==== DATA SHOWN

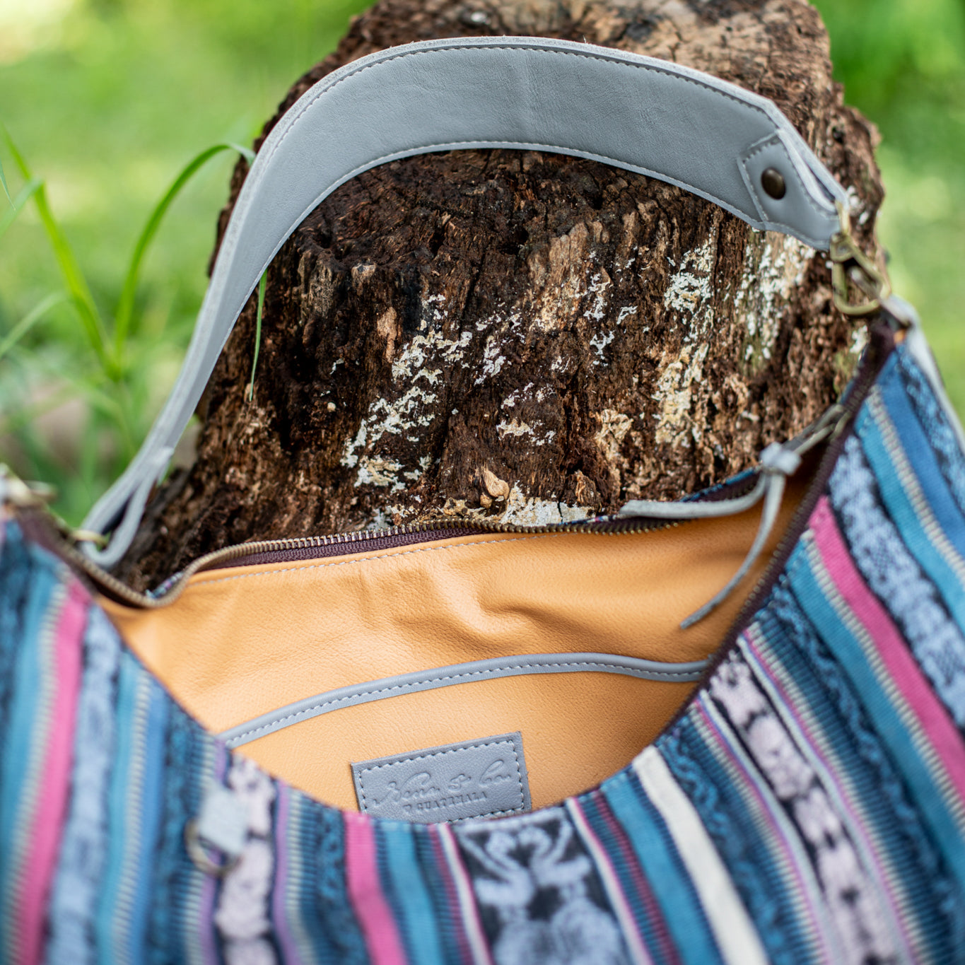 We make every effort to provide our customers with the best-handcrafted and high-quality bags. Please note that all our processes to make the bags are done by hand, from curing, cutting, and treating the leather to using up-cycled huipils. Our bags have natural characteristics and qualities that should not be considered as flaws or as damage because they do not interfere with the functionality of the bag. We up-cycle vintage Maya clothing to make beautiful one-of-a-kind products. Many times you will find snags in the pattern. This is normal. Should your patterned huipil snag you can snip the loose threads with scissors. Do not pull them.
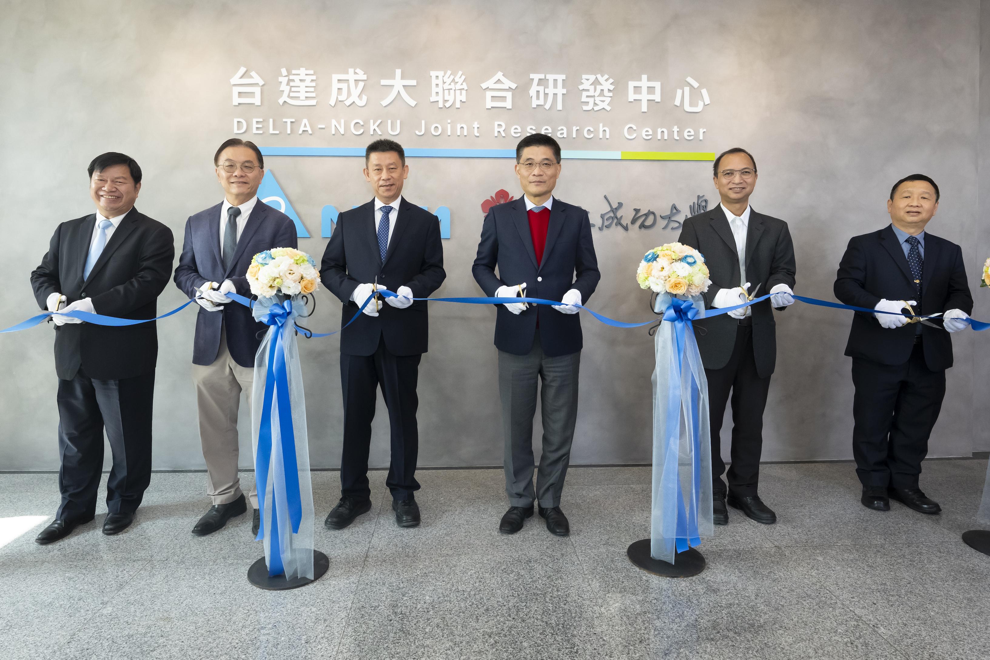 台達執行長鄭平(左三)、成大校長沈孟儒(左四)、台達資通訊基礎設施事業群技術長蔡文蔭(左一)、台達機電事業群副總經理蔡清雄(右二)、成大副校長莊偉哲(左二)及台達成大聯合研發中心主任梁從主(右一)為台達成大聯合研發中心揭牌進行剪綵。
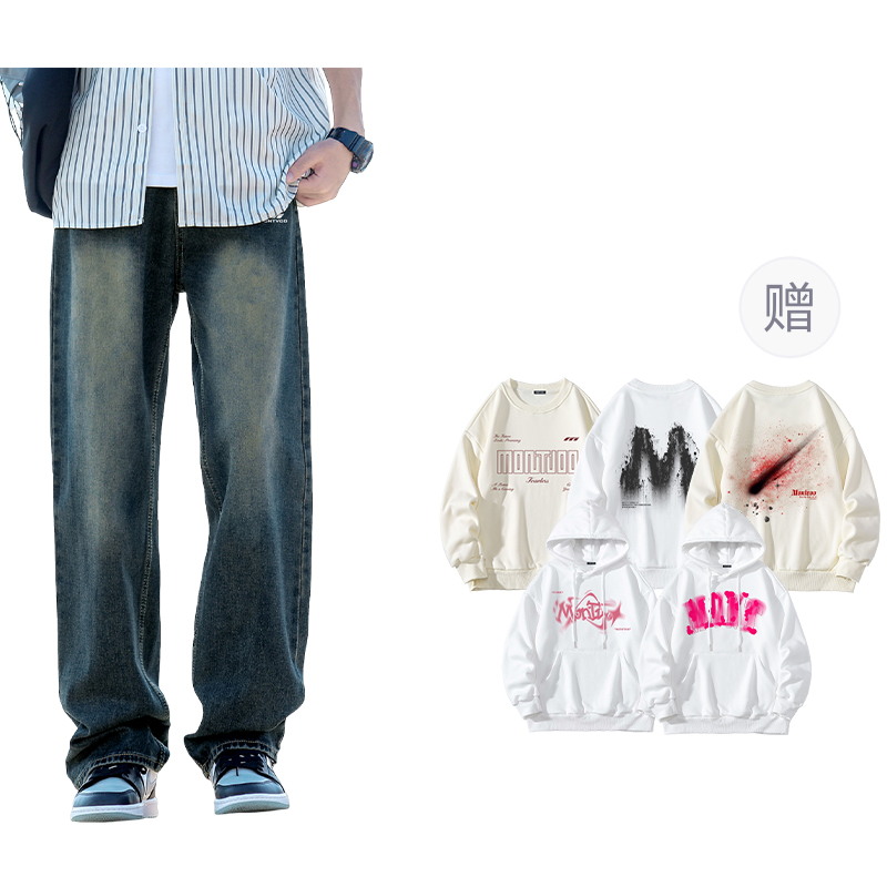 Джинсы унисекс MONTVOO, темно-синий[random comes with sweatshirt]

========

> [TASK PROMPT] In this exercise, set down all of the data exactly, without the pictures.

> [ANSWER SECTION]
 We make every effort to provide our customers with the best-handcrafted and high-quality bags. Please note that all our processes to make the bags are done by hand, from curing, cutting, and treating the leather to using up-cycled huipils. Our bags have natural characteristics and qualities that should not be considered as flaws or as damage because they do not interfere with the functionality of the bag. We up-cycle vintage Maya clothing to make beautiful one-of-a-kind products. Many times you will find snags in the pattern. This is normal. Should your patterned huipil snag you can snip the loose threads with scissors. Do not pull them.
 台達執行長鄭平(左三)、成大校長沈孟儒(左四)、台達資通訊基礎設施事業群技術長蔡文蔭(左一)、台達機電事業群副總經理蔡清雄(右二)、成大副校長莊偉哲(左二)及台達成大聯合研發中心主任梁從主(右一)為台達成大聯合研發中心揭牌進行剪綵。
 Джинсы унисекс MONTVOO, темно-синий[random comes with sweatshirt]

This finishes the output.